WHAT THIS TASK INVOLVES: With pictures omitted, copy exactly every line from the one that contains "Микроконтроллер CH32V003 способен" to the end of the listing below.

COLLECTED DATA:
%%

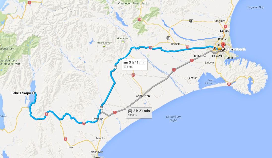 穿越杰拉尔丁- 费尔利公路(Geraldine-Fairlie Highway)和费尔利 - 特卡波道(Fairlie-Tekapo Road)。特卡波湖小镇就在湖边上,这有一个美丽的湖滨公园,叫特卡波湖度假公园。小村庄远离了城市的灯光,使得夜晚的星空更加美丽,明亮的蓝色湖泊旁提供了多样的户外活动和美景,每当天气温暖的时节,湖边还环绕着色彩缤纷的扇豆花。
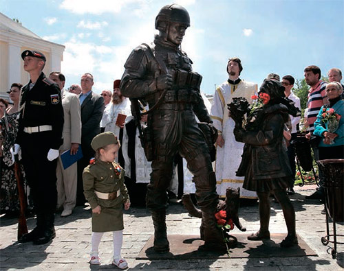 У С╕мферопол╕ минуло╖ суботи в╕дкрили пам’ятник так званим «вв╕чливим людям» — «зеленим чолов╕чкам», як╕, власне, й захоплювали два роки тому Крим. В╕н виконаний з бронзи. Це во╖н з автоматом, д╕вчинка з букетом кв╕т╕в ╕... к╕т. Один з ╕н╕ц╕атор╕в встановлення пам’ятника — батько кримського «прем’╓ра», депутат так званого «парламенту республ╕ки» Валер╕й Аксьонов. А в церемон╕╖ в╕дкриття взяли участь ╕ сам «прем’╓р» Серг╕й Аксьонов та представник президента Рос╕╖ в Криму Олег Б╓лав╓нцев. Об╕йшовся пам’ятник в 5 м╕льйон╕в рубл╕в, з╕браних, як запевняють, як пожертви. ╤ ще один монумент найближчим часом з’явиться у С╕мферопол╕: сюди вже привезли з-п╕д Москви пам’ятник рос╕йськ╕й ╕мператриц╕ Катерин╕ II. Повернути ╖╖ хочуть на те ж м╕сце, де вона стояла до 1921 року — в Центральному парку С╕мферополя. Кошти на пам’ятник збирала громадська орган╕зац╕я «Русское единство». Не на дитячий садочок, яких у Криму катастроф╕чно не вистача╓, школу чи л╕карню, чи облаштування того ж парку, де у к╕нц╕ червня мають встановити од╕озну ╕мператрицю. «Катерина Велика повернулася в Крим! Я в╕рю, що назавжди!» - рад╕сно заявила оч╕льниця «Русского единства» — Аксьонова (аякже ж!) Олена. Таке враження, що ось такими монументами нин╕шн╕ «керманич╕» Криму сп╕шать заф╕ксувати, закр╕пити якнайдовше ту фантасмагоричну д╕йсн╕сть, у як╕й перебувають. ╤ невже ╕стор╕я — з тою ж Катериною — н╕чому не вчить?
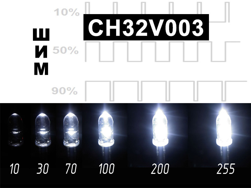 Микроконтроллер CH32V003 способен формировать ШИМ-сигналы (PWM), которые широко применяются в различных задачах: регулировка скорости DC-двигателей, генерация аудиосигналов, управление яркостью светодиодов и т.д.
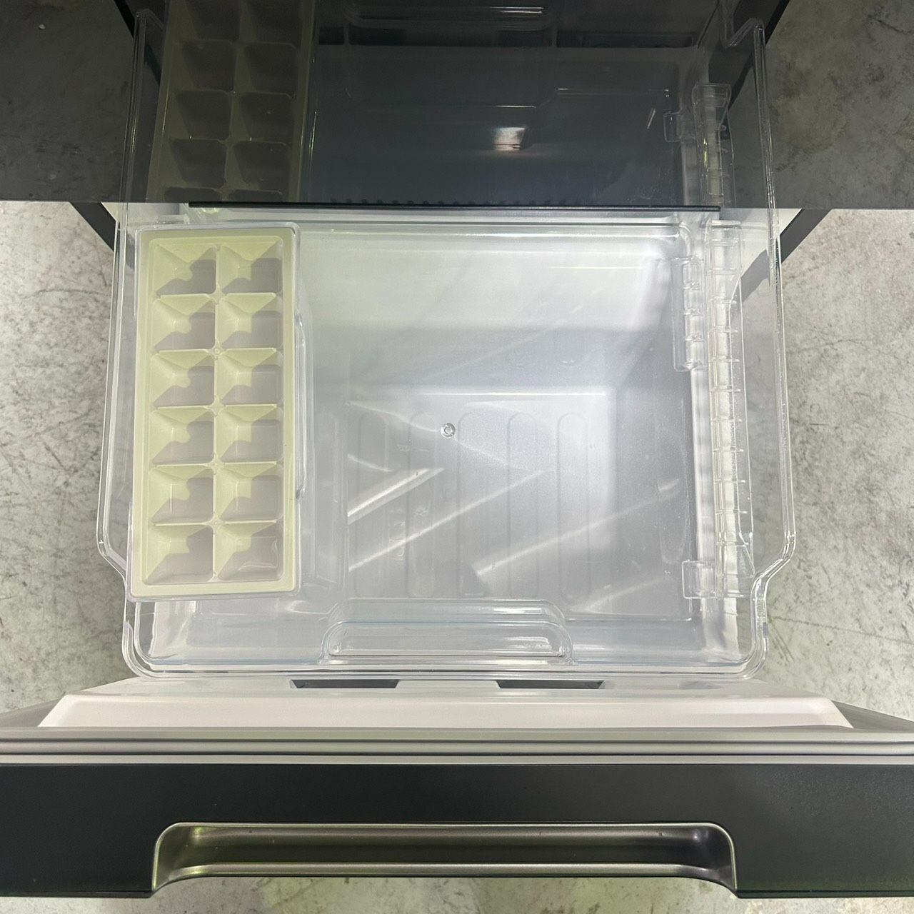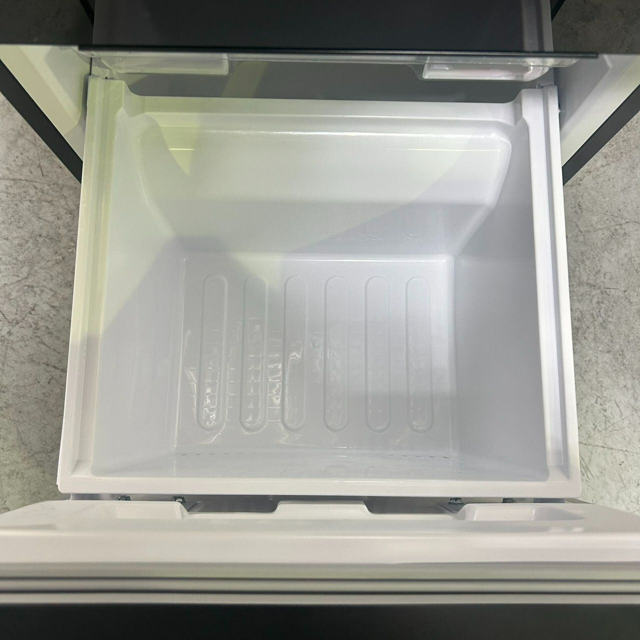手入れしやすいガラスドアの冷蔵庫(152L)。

%%

OUTPUT FOR THIS TASK:
 Микроконтроллер CH32V003 способен формировать ШИМ-сигналы (PWM), которые широко применяются в различных задачах: регулировка скорости DC-двигателей, генерация аудиосигналов, управление яркостью светодиодов и т.д.
手入れしやすいガラスドアの冷蔵庫(152L)。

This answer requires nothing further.